The upcoming autumn budget, set for 26 November 2025, is poised to become a vital moment for the UK government. Chancellor Rachel Reeves faces the pressing challenge of a ballooning government deficit, with borrowing hitting £18 billion in August—its highest point in five years. Reeves is under mounting pressure to tighten fiscal policy in light of the deficit overshoot, which now stands at £11.4 billion higher than the Office for Budget Responsibility forecast in the spring.
Speculation is intensifying around which measures might be announced to bridge the £20-30 billion gap needed to maintain a narrow margin of fiscal headroom. Key avenues under discussion revolve around wealth, property, and banking sector taxes, as Reeves has shown a clear intent not to raise VAT, income tax or national insurance rates that would directly impact working households.
A radical overhaul of the property tax system is firmly on the agenda. Scrapping council tax and stamp duty in favour of a progressive property tax on homes valued above £500,000 is under serious consideration. This would align tax liabilities more closely with current property values, particularly benefiting regions outside London and the southeast, which have seen the sharpest rises since the outdated 1991 council tax valuations. There is also speculation about removing capital gains tax exemptions on prime residences, meaning higher-rate taxpayers could face 24 per cent on property value increases and basic-rate taxpayers 18 per cent.

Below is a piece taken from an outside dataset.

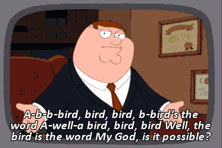 A-b-b-bird, bird, bird, b-bird's the word A-well-a bird, bird, bird Well, the bird is the word My God, is it possible?
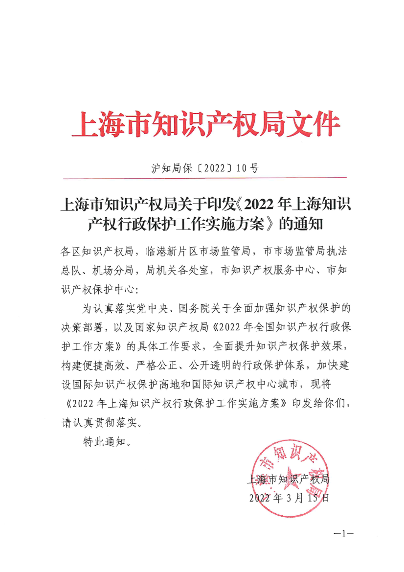 为认真落实党中央、国务院关于全面加强知识产权保护的决策部署,以及国家知识产权局《2022年全国知识产权行政保护工作方案》的具体工作要求,全面提升知识产权保护效果,构建便捷高效、严格公正、公开透明的行政保护体系,加快建设国际知识产权保护高地和国际知识产权中心城市,现将《2022年上海知识产权行政保护工作实施方案》印发给你们,请认真贯彻落实。

Landlords could soon face a national insurance charge on rental income, potentially raising around £2 billion annually. The proposal under discussion involves a basic rate of 20 per cent, with an additional 8 per cent for those earning above £50,270 from rental income—a measure that would take direct aim at property investors’ returns.
The banking sector awaits the budget with apprehension as the government may introduce a windfall tax on profits that banks accrue from placing reserves with the Bank of England. The Institute for Public Policy Research has recommended this step, which could generate £8 billion. The government could also increase the existing bank surcharge from 3 per cent to as much as 8 per cent, targeting surging bank profits in the wake of sustained high interest rates.
Frozen income tax thresholds are expected to be extended by at least one more year to 202930. This measure, dubbed a stealth tax by critics, pulls more earners into higher tax bands due to wage inflation and is forecast to bring in an extra £10 billion. Suggestions also exist for increasing income tax while offsetting this with lower employee national insurance, aiming to shift the tax burden without raising overall costs for workers. However, such a move is likely to be politically sensitive given previous manifesto commitments.
A new gambling levy is also likely to feature in the budget, potentially raising over £3 billion by targeting profits from online casinos, slot machines, and high-stakes betting. Sin taxes, such as those on alcohol and processed foods, remain persistently in the policy mix as Labour looks to raise extra revenue without direct income tax hikes.
This autumn budget is shaping up to be an eventful one, with sweeping changes to the tax landscape possible as the government strives to meet its fiscal targets while navigating the complex realities of public opinion and economic necessity. All eyes will be on Reeves as she outlines a new path for UK fiscal policy.